O nome das coisas - Mário Prata

Outro dia fui comprar um abajur. A mocinha me olhou e perguntou:


- Luminária?
Eu olhei em volta, tinha uma porção de abajur.
- Não, abajur mesmo, eu disse.
- De teto?
Fiquei olhando meio pasmo para a vendedora, para o teto, para a rua.
Ou eu estava muito velho ou ela estava muito nova.
-No meu tempo - e isso faz pouco tempo - o abajur a gente punha no criado-mudo, na
mesinha da sala. E lá em cima era lustre.
- Lustre?
Descobri que agora é tudo luminária. Passou por spot, virou luminária. Pra mim isso é
pior que bandeirinha virar auxiliar de arbitragem, e passe (no futebol) chamar-se agora
"assistência".
Quem são os idiotas que ficam o dia inteiro pensando nessas coisas? Mudar o nome das
coisas? Por que eles não mudam o próprio nome?
A mocinha-da-luminária, por exemplo, se chamava Mariclaire. Desconfio até que já
tivesse mudado de nome.Pra que mudar o nome das coisas?

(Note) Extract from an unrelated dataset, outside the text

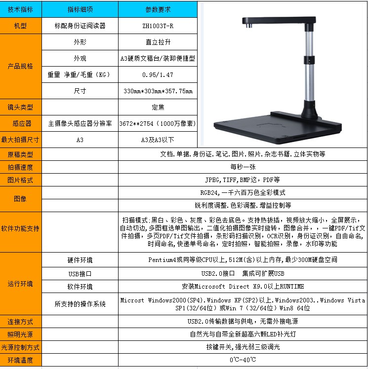 A3幅面 主攝像頭感應(yīng)器分辨率:3742*2806(1000萬像素)定焦 USB2.0 弱-強-關(guān)三級調(diào)光,圖片格式JPG/PDF/TIF, 標(biāo)配硬底坐,帶卡槽方便精準定位拍照。產(chǎn)品特點:穩(wěn)固結(jié)實大氣,可擴展兩個USB ,配身份證閱讀器,方便快捷提高辦公效率,拍攝類型:黑拍白/彩色/灰度/彩色去底色

Eu moro numa rua que se chama Rodovia Tertuliano de Brito Xavier. Sabe como se
chamava antes? Caminho do Rei. Pode? Pode! Coisa de vereador com minhoca na
cabeça e tio para homenagear.
Mas lustres e abajur, gente, é demais. Programação de televisão virou "grade". Deve ser
para prender o espectador mais desavisado.

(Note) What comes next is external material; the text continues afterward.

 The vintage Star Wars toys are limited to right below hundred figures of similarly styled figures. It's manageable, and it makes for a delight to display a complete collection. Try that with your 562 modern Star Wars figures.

Entrega em domicílio virou "delivery". Agenda de correio, "mailing". São os
publicitários, os agentes de 'marquetingui'?
Quer coisa mais bonita do que criado-mudo? Existe nome melhor para aquilo? Pois
agora as lojas vendem "mesa-de-apoio". considerando-se a estratégica posição ao lado
da cama, posso até imaginar para que tipo de apoio serve.

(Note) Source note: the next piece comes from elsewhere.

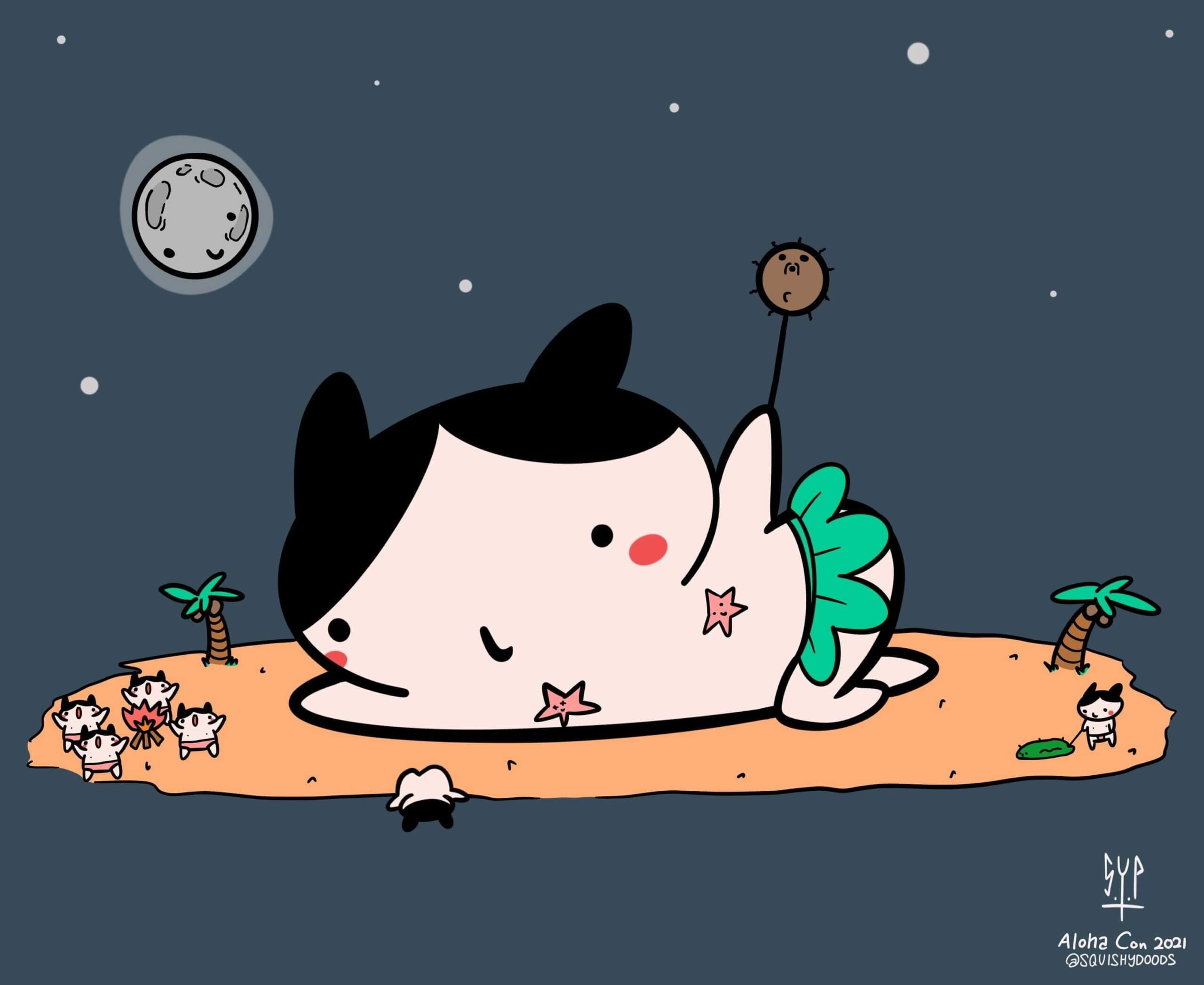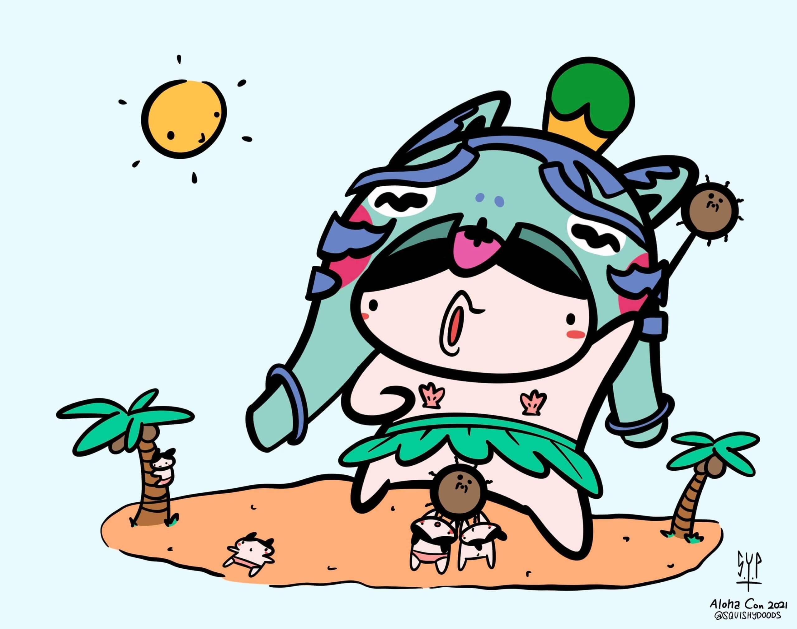 9 days to go before Aloha Con! two worlds combine as Singapore based artists Tanavit23 x Squishydood unite to present to you “Pepe” Some regard Tanavit23 x Squishydood aka Squishy Pea as the Posh n Becks of the designer toy world and now they give you there offspring! Pepe the fun-loving who loves the air flowing between its bits whilst butt naked. Pepe is now getting ready for his flight to HAWAII BABY! and you can have a chance to smother Pepe with love at Aloha Con. That’s not all Squishy Pea art prints done by Squishydood will be made available too and some of the proceeds will go to a select charity.

Antigamente virava-se santo, agora vira-se "beato", como se já não bastassem todas as
carolas beatas que temos por aí.
Mudar o nome de deputado para "putado" ninguém tem coragem, né? Nem de senador
para "sonhador"."Sonhadores da República", não soa bem? E uma "bancada de
putados?"
A turma dos dez por cento agora se chama "lobista!" e a palavra não vem de lobo, mas
parece.
E por que é que agora as aeromoças não querem mais ser chamadas assim? Agora são
"comissárias". Não entendo: a palavra comissária vem de comissão, não é? Aeromoça é
tão bom e terno como criado-mudo. Pior se as aeromoças virassem "moças-de-apoio",
taí uma idéia...
E tem umas palavras que surgem de repente do nada.
"Luau" - Isso é novo!
Quando eu era jovem, se alguém falasse essa palavra ou fosse participar de um luau, era
olhado meio de lado. Era pior que tomar vinho rosê. Coisa de bicha, isso de luau.
Mas a vantagem de ser um pouco mais velho é saber que o computador que hoje todo
mundo tem em casa e que na intimidade é chamado de micro, nasceu com o nome de
"cérebro-eletrônico". Sabia dessa?
E sabia que o primeiro computador, perdão cérebro-eletrônico, pesava 14 toneladas? E
que, na inauguração do primeiro, os gênios da época diziam que, até o final do século,
se poderia fazer computadores de apenas uma tonelada?
Outra palavrinha nova é "stress". Pode ter certeza, minha jovem, que, antes de
inventarem a palavra, quase ninguém tinha stress. Mais ou menos como a "TPM". Se a
palavra está aí a gente tem de sofrer com ela, não é mesmo? No meu tempo o máximo
que a gente ficava era de "saco cheio". Estressado, só na turma do Luau.
E agora me diga: por que é que em algumas casas existe "jardim de inverno" e não
"jardim de verão?"
E se você quiser mudar o nome desta crônica para linguiça, pode. Desde que coloque o
devido trema*. Também conhecido como dois pinguinhos.